*Given data*.

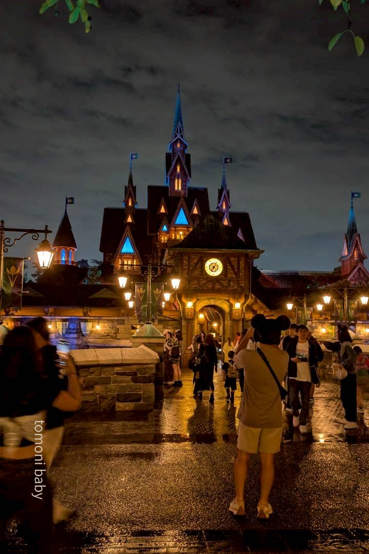 夜はついに新エリア ファンタジースプリングス へ。雨の日のおかげか、夜は全体的に待ち時間も短めでした。
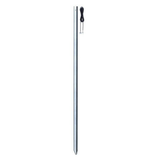Kuumasinkitty 1m maadoituskanki. Päästään teroitettu T-profiili. Mukana 3 m liitosjohto ruuveineen.
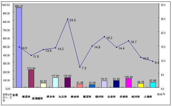 4、各地区发展齐头并进,产业特色明显。从总量看,文化产业主营业务收入超过百亿元的有:南昌市210.84亿元、萍乡市117.61亿元、九江市116.83亿元、宜春市105.49亿元,上述4个设区市主营业务收入合计占全省比重达58%。增速前三位的设区市是:九江同比增长24.5%、赣州增长18.2%、宜春增长16.7%,分别高于全省平均增幅10个、3.7个、2.2个、0.4个百分点。南昌文化产业涉及面最广,其主导产业覆盖文化用品纸张、文具、油墨、颜料等制造和图书报刊发行销售;景德镇发挥陶瓷文化优势,创新发展,打造集创作、展示、旅游、时尚、商贸为一体的国际化陶瓷文化创意服务平台;萍乡和宜春大力发展焰火鞭炮文化,其制作技艺已被文化部确定为“国家级非物质文化遗产”;九江的都昌贝类工艺品、新余的恩达麻艺制造、鹰潭的雕花樟木箱制造、赣州的上犹油画、吉安的吉州窑文化产品开发、抚州的香文化产品制造、上饶的婺源砚台制作等文化产业特色明显。

*Work item*. Omitting all pictures, restate exactly the lines of the material from its start through the line that contains "Kuumasinkitty 1m maadoituskanki.".

*Finished task*.
 夜はついに新エリア ファンタジースプリングス へ。雨の日のおかげか、夜は全体的に待ち時間も短めでした。
Kuumasinkitty 1m maadoituskanki. Päästään teroitettu T-profiili. Mukana 3 m liitosjohto ruuveineen.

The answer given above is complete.